- Theatrical release poster
- Directed by: John Schlesinger
- Written by: Ruth Prawer Jhabvala; John Schlesinger;
- Based on: Madame Sousatzka by Bernice Rubens
- Produced by: Robin Dalton
- Starring: Shirley MacLaine; Peggy Ashcroft; Shabana Azmi; Twiggy; Leigh Lawson; Geoffrey Bayldon; Navin Chowdhry;
- Cinematography: Nat Crosby
- Edited by: Peter Honess
- Music by: Gerald Gouriet
- Production company: Cineplex Odeon Films
- Distributed by: Universal Pictures
- Release date: 14 October 1988;
- Running time: 122 minutes
- Countries: United Kingdom Canada
- Language: English
- Budget: $5 million
- Box office: $3.5 million

= Madame Sousatzka =

1988 film by John Schlesinger

Madame Sousatzka is a 1988 drama film directed by John Schlesinger and starring Shirley MacLaine, with a screenplay by Ruth Prawer Jhabvala. It is based upon the 1962 novel of the same name by Bernice Rubens.
==Plot==
Indian immigrant Sushila Sen lives in London with her son Manek, who is musically gifted.

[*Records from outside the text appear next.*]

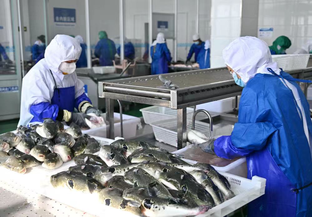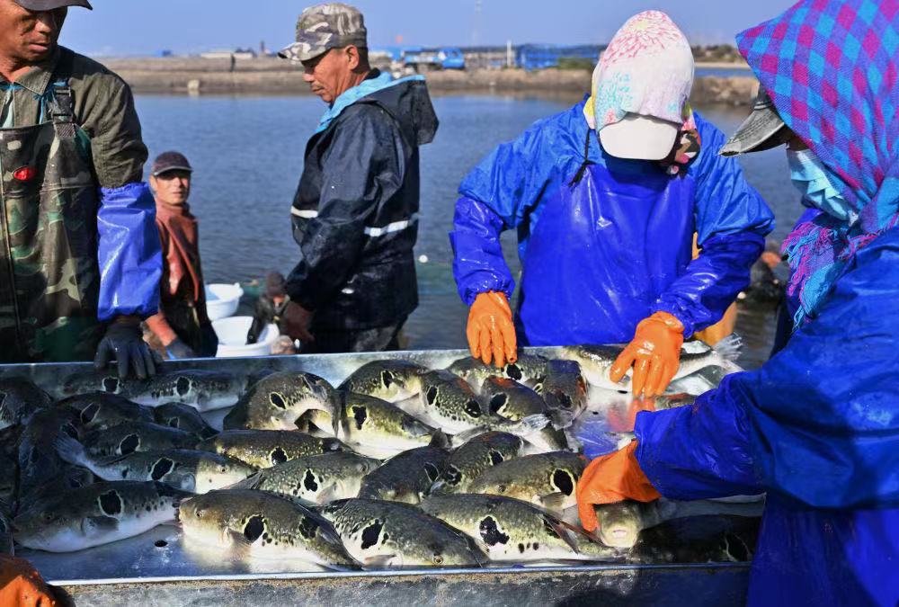近日,河北省唐山市曹妃甸区进入河豚鱼捕捞、加工高峰季节。近年来,唐山市曹妃甸区依托当地临海优势,大力发展河豚鱼、东方对虾等特色水产养殖业,促进渔业增效、农民增收。据介绍,目前该区水产养殖面积达22.6万亩,年渔业总产值达69亿元。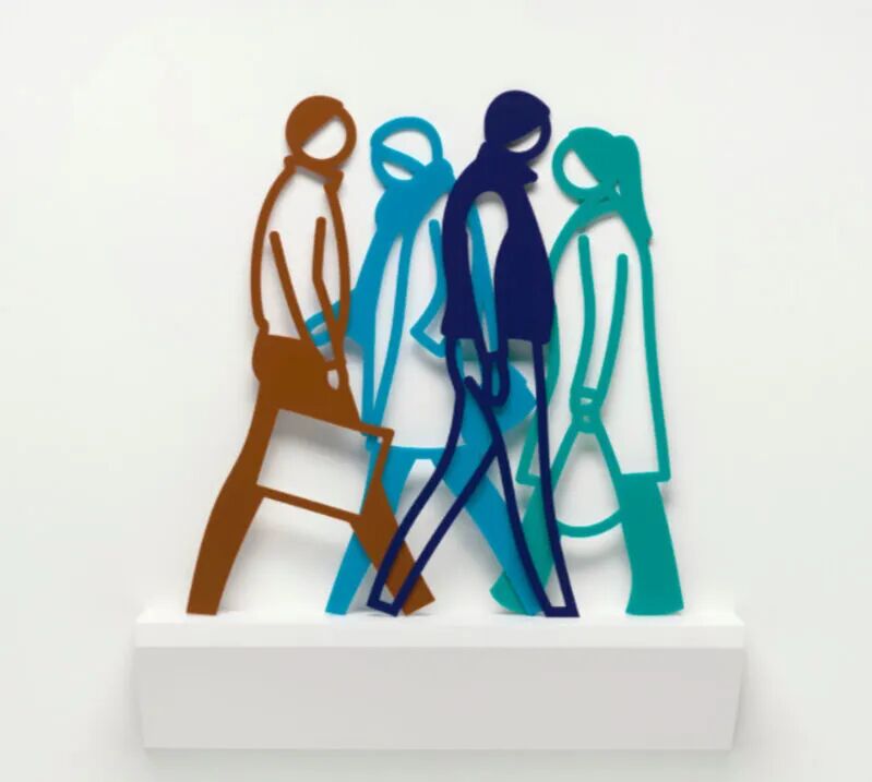 Wall mounted corian shelf with four freestanding acrylic sculptures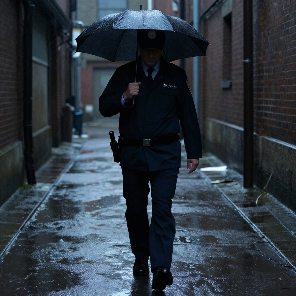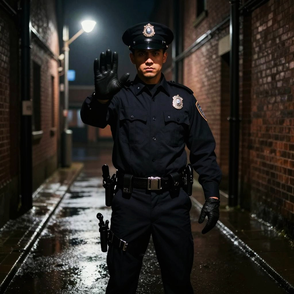 Photograph of a serious male police officer in dark uniform, black gloves, hat, and utility belt, standing in a wet alley at night, raising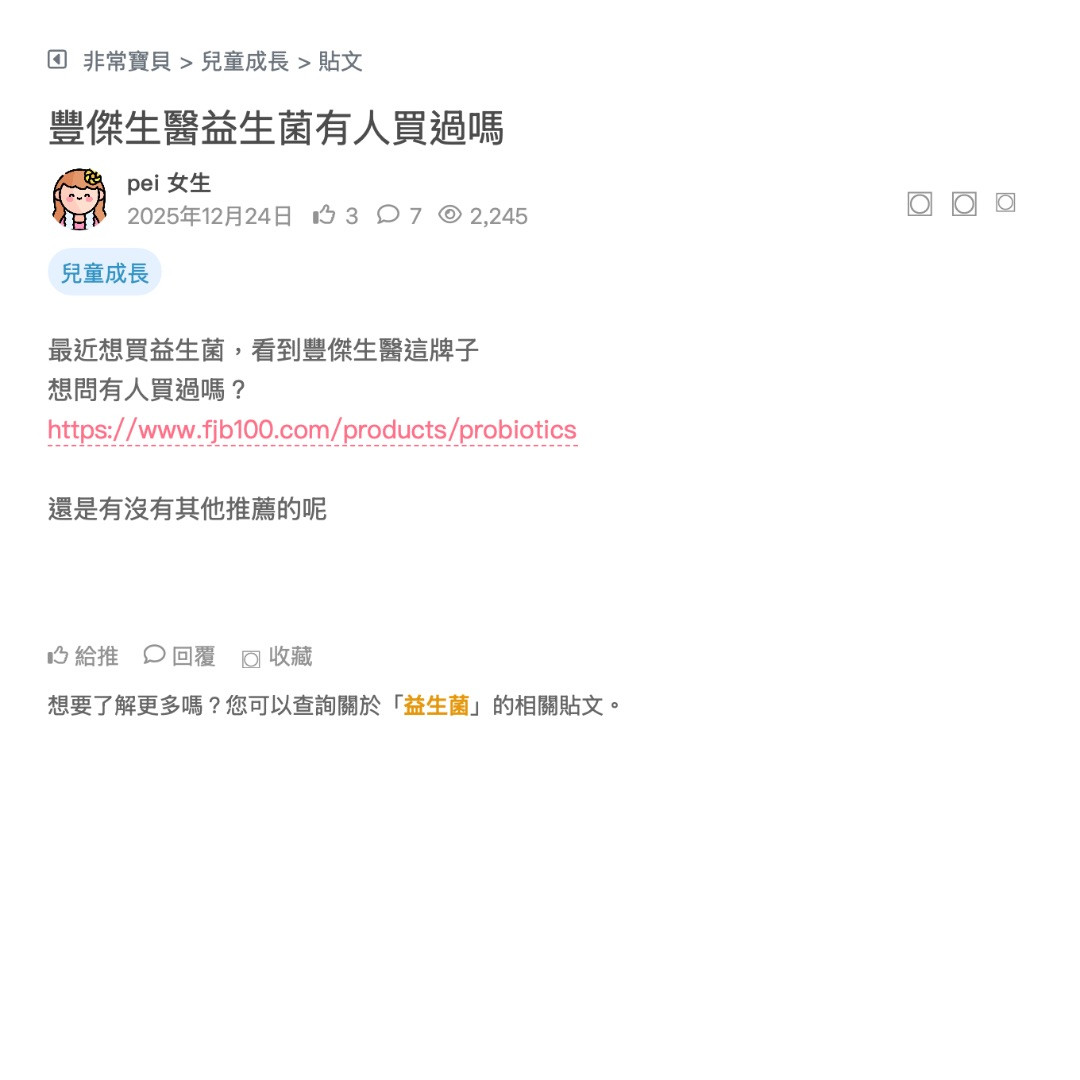 請問大家有給小孩吃過台塑生醫的益生菌嗎,評價如何,跟卡蘿琳益生菌比起來怎麼樣?感謝🙏 看更多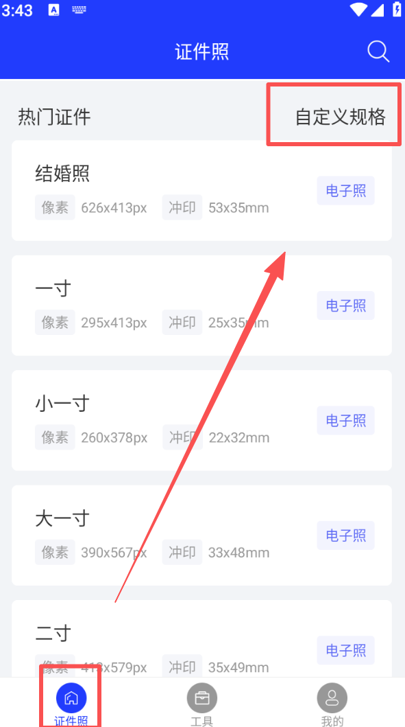 4、回到证件照页面,点击 “自定义规格”,可根据需求设置证件照规格。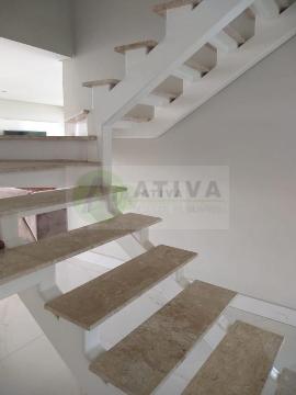 - Pé-direito duplo com escada de design personalizado (Escada + Vestíbulo) em estrutura metálica com pintura eletrostática branca e pisada em mármore;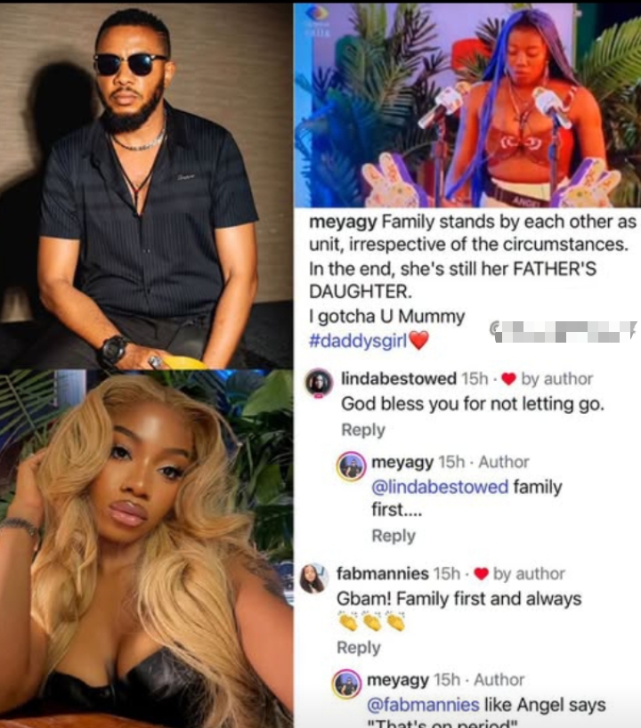 Nigerian reality TV star Angel Smith has received strong backing from her father amid her ongoing relationship dispute with Tunmi.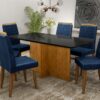 Mesa Los Angeles Cinamono/Off White Canto Reto 80×160 cm com 6 Cadeiras Las Vegas Preto – MINASPLAC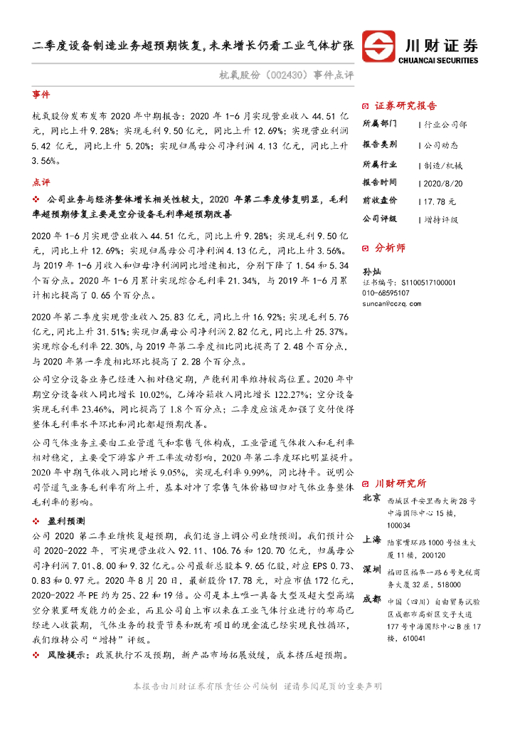 川财证券:杭氧股份(002430)-中报点评:二季度设备制造业务超预期恢复,未来增长仍看工业气体扩张.pdf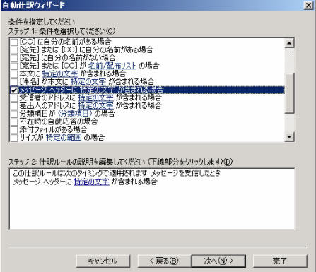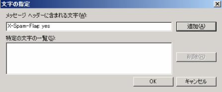 文字の指定画面から、メッセージヘッダーに含まれる文字の項目に、「X-Spam-Flag: yes」と記入し、「追加」をクリックし、「OK」をクリックします。条件の指定画面に戻りましたら、「次へ」をクリックします。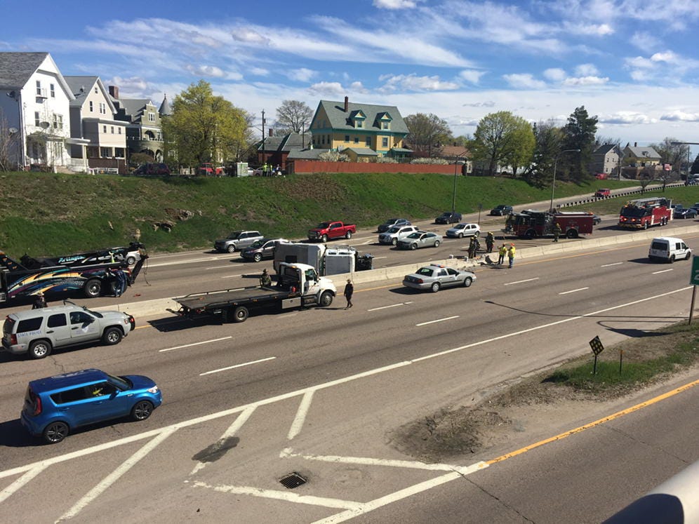It happened just before 9 a.m. when a tractor-trailer truck hopped the cement barrier between exits 27 and 28.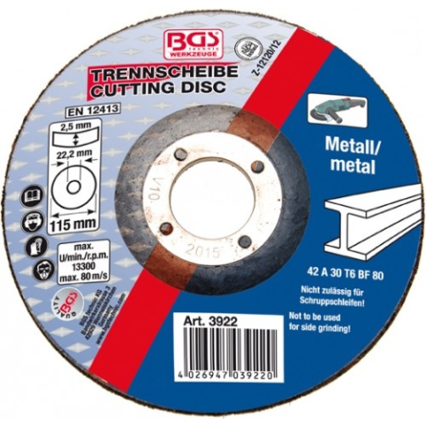 1 kép BGS Vágókorong fémhez 115 x 2,5 mm, Tipus 42

She supports them both as a caterer of Indian food, while Manek studies the piano with Madame Sousatzka, who is a Russian-American immigrant. Madame Sousatzka, while highly talented, never succeeded as a pianist and thus lives through her students, particularly talented ones such as Manek. Manek is soon forced to choose between Madame Sousatzka and his mother, who both compete for his attention.

The Russian pianist and teacher Madame Maria Levinskaya (died 1960) inspired the character of Madame Sousatzka. The plot is based on the experiences of Harold Rubens, a child prodigy pianist who began lessons with Levinskaya from the age of seven (in 1925) and became her star pupil.

==Cast==
- Shirley MacLaine as Madame Sousatzka
- Navin Chowdhry as Manek
- Shabana Azmi as Sushila
- Peggy Ashcroft as Lady Emily
- Robert Rietty as Leo Milev
- Twiggy as Jenny
- Leigh Lawson as Ronnie
- Lee Montague as Vincent Pick
==Production==
Literary agent Robin Dalton took 18 years to get the film made. Vanessa Redgrave was originally scheduled to be the lead before MacLaine joined the production.
==Accolades==

| Award | Category | Recipient(s) | Result |
| British Academy Film Awards | Best Actress in a Supporting Role | Peggy Ashcroft | Nominated |
| David di Donatello Awards | Best Foreign Actress | Shirley MacLaine | Nominated |
| Golden Globe Awards | Best Actress in a Motion Picture – Drama | Won |
| Best Original Score – Motion Picture | Gerald Gouriet | Nominated |
| Retirement Research Foundation Awards | Television and Theatrical Film Fiction | Robin Dalton | Nominated |
| USC Scripter Awards |  | Ruth Prawer Jhabvala (screenwriter); Bernice Rubens (author) | Nominated |
| Venice Film Festival | Golden Lion | John Schlesinger | Nominated |
| Best Actress | Shirley MacLaine | Won |

==Home media==
The film was released in U.S. theaters on 14 October 1988. Some time after its theatrical run, the movie was released on videocassette by MCA Home Video in 1989. The movie was released on DVD in the U.S. by Universal Studios Home Entertainment under their Vault Series banner on 28 August 2014.

A region 2 DVD was released by Network in 2007 (catalogue nr. 7952723). The extras are a trailer and some production stills.